Hey guys I will take some more pics tomorrow. You will need 1 harness per bulb. I bought 2x 1156 for the rear turns and 4x 1157 for the brake lights. Including red LEDs the total cost was around $90. I also got 2 red 194 LEDs for the tail parking light. I opted not to do the reverse lights yet but probably will down the line.
 
some pics of how and where you mounted all the resistors would be nice too!
 
Just to clarify you are using the built-in resister harnesses only on the turn signal and dual function brake lights? Since the reverse light and the ones directly next to it don't require a special harness to avoid the warnings or issues. You can simply change out those bulbs directly with an led of your choosing without issue. Same goes with the front clear corner lights next to your front blinkers.

Interested to see how it works out and how hot the resister gets. Lets see those pics!
 
Just to clarify you are using the built-in resister harnesses only on the turn signal and dual function brake lights? Since the reverse light and the ones directly next to it don't require a special harness to avoid the warnings or issues.

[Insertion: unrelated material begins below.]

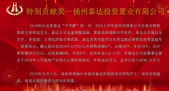 2019年2月23日,集團(tuán)公司在揚(yáng)州廣陵產(chǎn)業(yè)園召開2018年公司年會(huì)。

You can simply change out those bulbs directly with an led of your choosing without issue. Same goes with the front clear corner lights next to your front blinkers.

Interested to see how it works out and how hot the resister gets. Lets see those pics!

Thanks for the info! I hadn't tried the other bulbs yet, only changed the turns and brake lights with harnesses.

Here's a vid of the LEDs in action, results will depend on which type and brand you go with.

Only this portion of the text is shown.